Внутри заведения было темно, тяжелые лиловые шторы с золотыми кистями навевали мысли о гареме. Густо пахло кальяном и мангалом. Сменивший лакея не менее подобострастный метрдотель проводил нас вглубь ресторанной темноты, в отдельный кабинет и исчез, задернув за собой штору.
— Из салатиков рекомендую взять коктейль из королевских креветок с авокадо, — тоном знатока произнес Аббас, протягивая мне меню в кожаном переплете толщиной с том Дюма. — А на горячее — каре ягненка. А пить будем что — водочку?
На запястье Аббасовой руки, протягивавшей мне меню, тускло посверкивал злосчастный «Ролекс», на безымянном пальце появился перстень с крупным прозрачным квадратным камнем — надо полагать, бриллиантом. Я почувствовал, что если сейчас приму из рук Аббаса меню, то только для того, чтобы швырнуть его ему в лицо. Аббас держал кожаный гроссбух на весу до тех пор, пока не задрожала рука, потом со стуком опустил фолиант на скатерть.
— Нет, а что ты хотел, шеф? — видимо, поняв, что я не настроен на прелюдию, начал он. — Ты занят разборками с Сашей Качугиным, мне ничего не говоришь, не объясняешь. Какие перспективы, куда плывем? Прорабы, работяги ходят с вопросами ко мне, я им вешаю лапшу на уши, что все хорошо, что не тонем, а погружаемся строго по плану, и скоро начнем всплывать. Но эту туфту надо подкреплять деньгами, а где деньги? Зарплаты нет уже три месяца, бонусов тоже. Я должен как-то крутиться, жить, в конце концов. Вот, взял объект, делаю, цена смешная, но позволяет перебиваться и кое-какие долги гасить. Между прочим, не мои долги, а ваши с Сашей.

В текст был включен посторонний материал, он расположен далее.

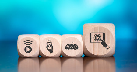 Wooden blocks with symbol of online streaming concept on blue background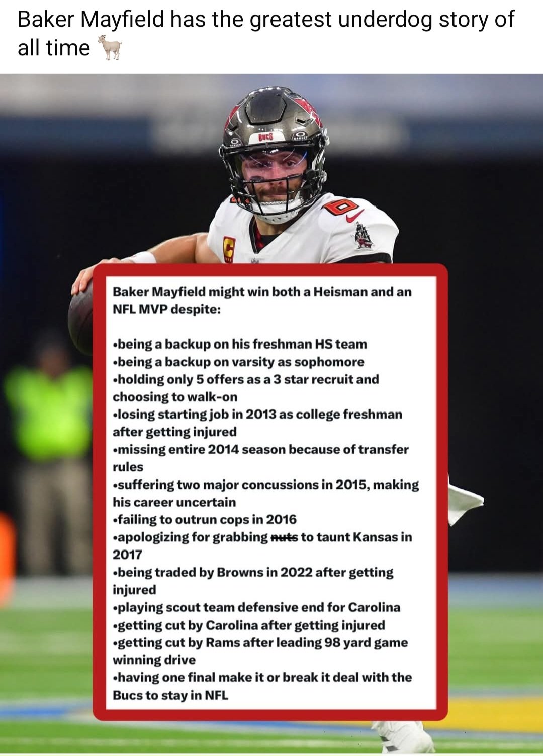 In fairness to the Browns and Baker Mayfield I don't really think he "died" in Cleveland but he did make one crucial mistake and it almost cost him his career. When Anthony Schwartz quit on the ball and Baker's pass was intercepted Mayfield never should have tried to tackle that ball carrier. If not for that one lapse in judgement he could possibly still be in Cleveland. To compound that mistake there is shared blame between the team and Mayfield to hurry him back from the injury. Hindsight is always 20/20, but if he would have had surgery right away and the team would have been more patient things may have been different. But, alas, if my Aunt had balls she'd be my Uncle.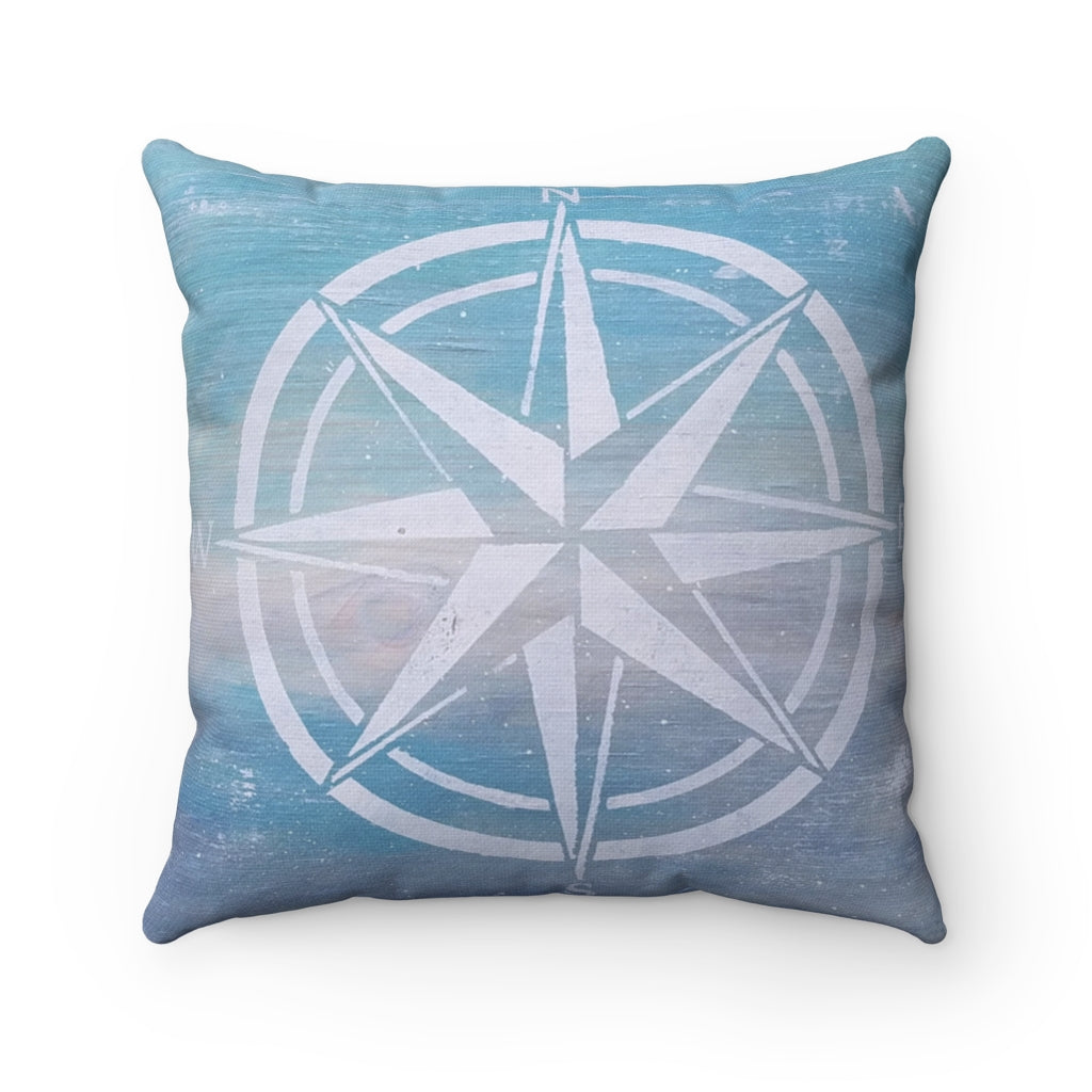 Nautical compass on sky and water blue background 16 inch Spun Polyester Square Pillow

— Бриллиант у тебя на пальце — карата на четыре, — ответил я. — Если достаточно чистый, то цена ему тысяч тридцать. Это называется — перебиваться? Перебиваться — это как я сейчас на заправке — думать, сколько залить в машину бензина — тридцать литров, или двадцать пять. И какого бензина — девяносто пятого или подешевле, девяносто второго.
— Не лей девяносто второй, — состроил озабоченную гримасу Аббас. — Движок запорешь, вообще ездить будет не на чем. А перстень — стекляшка, шеф! Фальшивка. Еду с переговоров с пафосными людьми, надел для понту, да снять забыл.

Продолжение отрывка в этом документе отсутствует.